A central question in neuroscience is how neural activity is linked to complex behaviors. However, monitoring activity patterns in the mammalian brain has been particularly challenging because of its complexity and the limited availability of tools with high spatiotemporal precision. Recent developments in electrophysiological and imaging techniques such as multiunit recordings and genetically encoded calcium indicators have significantly improved our understanding of the circuit mechanisms underlying sensory perception and behavior. However, a critical need exists to develop new methods that can convert neural activity to an effector system that directly demonstrates a circuit-behavior relationship.

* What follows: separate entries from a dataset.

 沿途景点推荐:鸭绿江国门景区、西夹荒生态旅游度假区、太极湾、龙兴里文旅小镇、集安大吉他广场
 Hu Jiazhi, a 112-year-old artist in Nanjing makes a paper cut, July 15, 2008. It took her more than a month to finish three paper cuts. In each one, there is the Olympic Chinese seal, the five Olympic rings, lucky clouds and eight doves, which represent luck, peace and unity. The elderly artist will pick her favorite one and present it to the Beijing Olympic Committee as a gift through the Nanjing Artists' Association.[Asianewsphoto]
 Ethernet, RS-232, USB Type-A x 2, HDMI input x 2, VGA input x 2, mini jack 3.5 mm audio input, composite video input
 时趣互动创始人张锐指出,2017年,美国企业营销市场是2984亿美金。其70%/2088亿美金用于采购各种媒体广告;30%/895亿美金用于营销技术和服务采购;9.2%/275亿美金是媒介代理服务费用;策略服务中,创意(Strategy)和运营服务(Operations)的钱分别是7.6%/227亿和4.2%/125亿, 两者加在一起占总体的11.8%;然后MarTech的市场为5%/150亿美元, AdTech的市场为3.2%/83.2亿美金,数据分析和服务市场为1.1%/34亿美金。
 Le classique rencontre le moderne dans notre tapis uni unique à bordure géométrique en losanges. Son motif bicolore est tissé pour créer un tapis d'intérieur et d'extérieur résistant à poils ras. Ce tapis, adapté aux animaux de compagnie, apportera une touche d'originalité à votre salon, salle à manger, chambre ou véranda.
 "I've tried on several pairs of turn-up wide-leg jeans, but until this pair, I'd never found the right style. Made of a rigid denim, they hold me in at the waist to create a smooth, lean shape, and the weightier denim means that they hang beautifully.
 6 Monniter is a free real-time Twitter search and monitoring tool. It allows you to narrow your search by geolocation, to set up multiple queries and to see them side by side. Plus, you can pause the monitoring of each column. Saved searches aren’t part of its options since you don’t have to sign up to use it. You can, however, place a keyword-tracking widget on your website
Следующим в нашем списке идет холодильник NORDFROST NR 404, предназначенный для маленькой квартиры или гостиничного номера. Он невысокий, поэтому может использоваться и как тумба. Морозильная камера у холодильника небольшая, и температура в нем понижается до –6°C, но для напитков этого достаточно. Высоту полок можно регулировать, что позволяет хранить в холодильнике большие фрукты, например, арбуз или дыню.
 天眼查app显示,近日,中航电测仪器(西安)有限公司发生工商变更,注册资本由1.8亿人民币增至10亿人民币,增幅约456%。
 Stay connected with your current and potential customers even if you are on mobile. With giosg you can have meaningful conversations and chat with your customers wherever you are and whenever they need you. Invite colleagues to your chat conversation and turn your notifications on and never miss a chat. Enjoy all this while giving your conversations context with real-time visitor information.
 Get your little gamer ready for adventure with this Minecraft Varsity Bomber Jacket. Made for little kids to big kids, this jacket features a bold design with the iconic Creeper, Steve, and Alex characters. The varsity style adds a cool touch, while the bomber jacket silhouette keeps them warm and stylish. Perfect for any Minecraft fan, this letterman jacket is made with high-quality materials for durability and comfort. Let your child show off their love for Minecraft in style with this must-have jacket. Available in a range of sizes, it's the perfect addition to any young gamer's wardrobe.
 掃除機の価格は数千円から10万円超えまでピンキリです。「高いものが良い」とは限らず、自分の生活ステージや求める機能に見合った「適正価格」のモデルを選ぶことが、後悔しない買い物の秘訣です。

We recently developed a novel optogenetic technique that can translate neuronal activity to gene expression in vivo at a high spatiotemporal resolution. We have created a dual-control system named Calcium and Light-Induced Gene Handling Toolkit, “Cal-Light”, that allows gene expression to be initiated by calcium and light. Cal-Light directly links neuronal firing to gene expression, thereby allowing us to map out the activity profile of individual neurons in animals and test their causal relationship with specific behaviors. We also developed a novel light-gated method to label and manipulate specific neuronal populations activated by neuromodulators in a highly temporally precise manner. We created an inducible dual protein switch system that is turned on and off by not only a ligand but also light. We named this technique “iTango2”, a light-gated gene expression system that uses b-arrestin and a light-inducible split tobacco-etch-virus (TEV) protease.
I will present these novel optogenetic methods that label active neuronal ensemble and neuromodulation-sensitive populations and further discuss how we dissect brain circuits underlying cognitive behaviors using these techniques.